Congrats on the probable FA. So I actually want to congratulate you on the decision to rap the route. I don't know the mountain or the descent options, but just going from the TR info, it appears you didn't also. so in my opinion, that was your best decision of the day and just might have saved your life.

if you're not absolutely sure about alternative means of descent, it is ALWAYS better to go back the way you came. Well done. So many climbing accident reports begin with "they decided to seek an easier way down" or "they descended via _______, a route they were not familiar with." You can easily be cliffed out or find yourself in even more of an epic, and once hypothermia sets in, you start making stupid decisions without even realizing it.

Others have commented on your rappel techniques. Trying to save 10 bucks by threading your rope through a wire made my shudder. You were lucky to survive that as well. You DO need to spend more time learning and PRACTICING rappelling in a safe environment. You can read great techniques in books but you need to dial that shit in at home before you try it in the field. (it's by far the most dangerous part of climbing as you probably know intellectually). 

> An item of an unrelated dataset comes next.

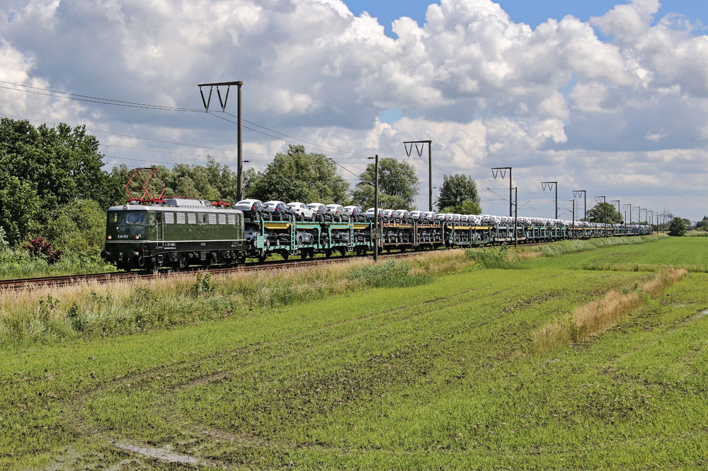 Mit E40 002 ist die dienstälteste, noch existierende E-Lok des Typs zu ihrem 67sten Geburtstag wieder in Dienst gegangen. Seit Mitte Juni 2024 wird sie vor Automobilganzzügen zwischen Bremen und Emden genutzt.

If you haven't read through any of the "American climbing accidents" annuals, I highly recommend it. You can learn a lot from the mistakes others make, and it's a guaranteed injury-free activity, as well as being a pretty compelling read.

One last complement- your willingness to keep learning is what will save you. Well done. Lots of people think they're invincible and aren't as self aware as you seem to be. It's great to see.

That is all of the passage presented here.